Student loan rates would be pegged to markets
- July 18, 2013 - 11:05 AM
WASHINGTON — A bipartisan deal in the Senate has emerged that would lower interest rates on student loans in the next few years but could spell higher costs after that.
Interest rates on new subsidized Stafford student loans jumped from 3.4 percent to 6.8 percent on July 1. Lawmakers from both parties objected and set in motion an overhaul of the whole system that links interest rates to the financial markets.
Here is a look at the direct-lending system students could face this fall under the Senate compromise:
—All undergraduates would borrow at a rate of 3.85 percent this fall. As the economy improves, rates would climb but could not top 8.25 percent. Students previously borrowed at 3.4 percent or 6.8 percent based on their financial need.

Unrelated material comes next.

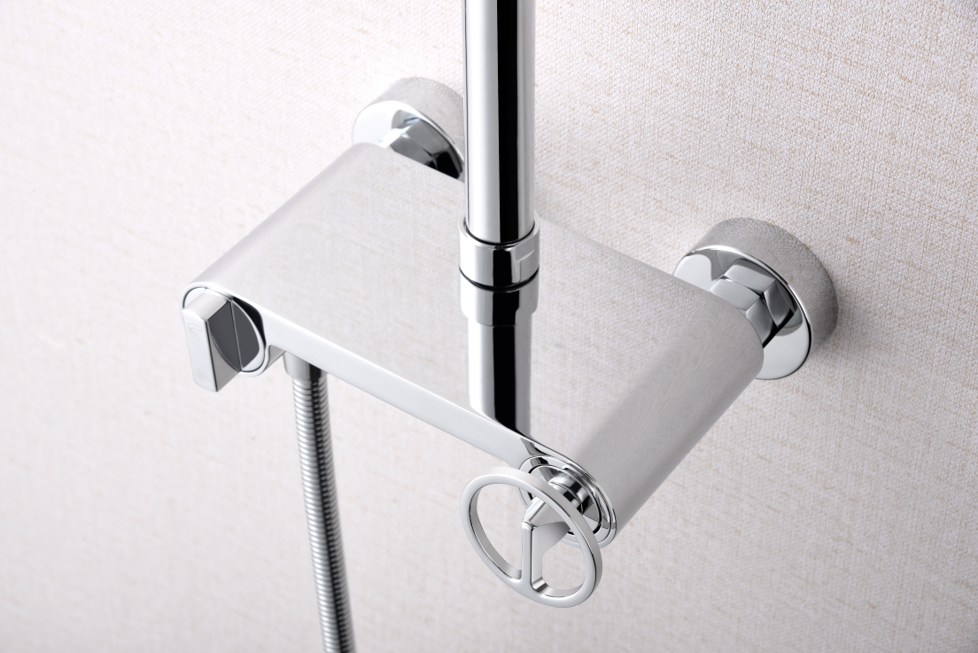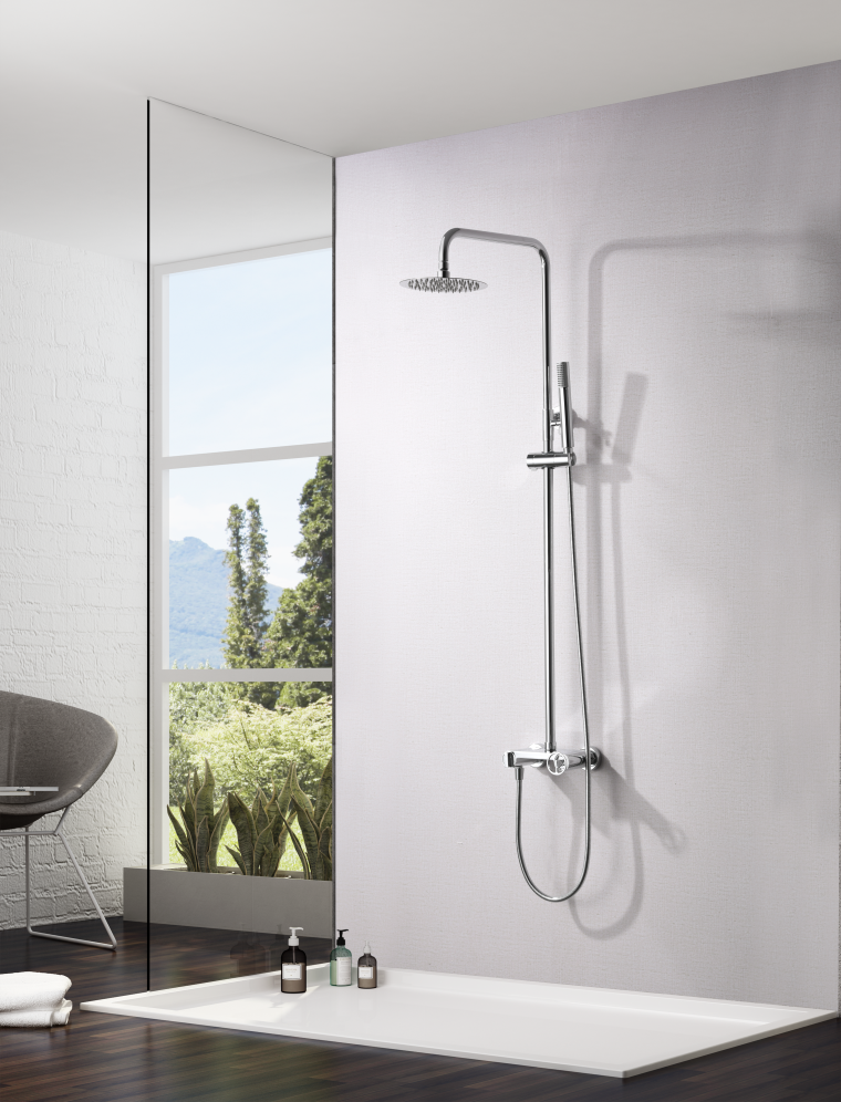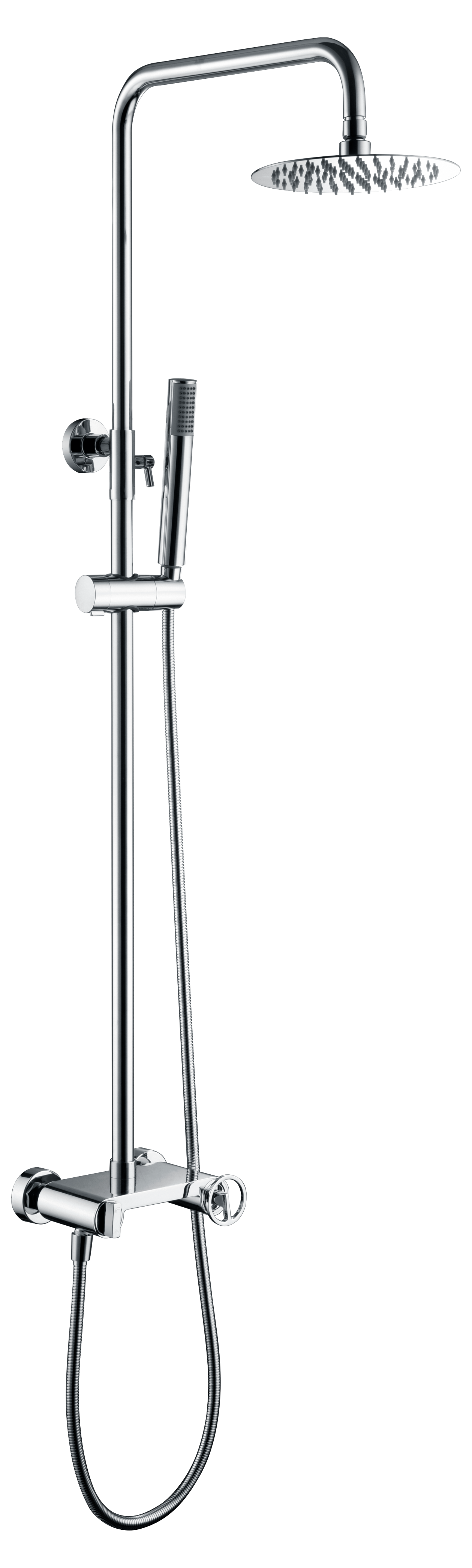 Soporte mango de ducha regulable en altura acabado cromo. Mango de ducha redondo de 1 posición acabado cromo. Grifería monomando de latón acabado cromo con distribuidor incorporado.

—Most graduate students would have access to loans at 5.4 percent, but rates could not climb above 9.5 percent. Qualifying graduate students previously borrowed at 6.8 percent.
—Loans that parents sign to help their children would come at a 6.4 percent interest rate. The rate would be capped at 10.5 percent. Some graduate students could choose these loans as well.
—Student borrowing limits are based on how much they and their parents could be expected to contribute to college costs, in addition to the costs of attending the school.
—Other popular financial aid options such as work-study programs, Pell grants and Perkins loans are not part of the deal and would continue as before.
—Students' previous borrowing does not change under the deal. Those already repaying loans would not be affected. Only new loans taken out this fall would be covered under the deal.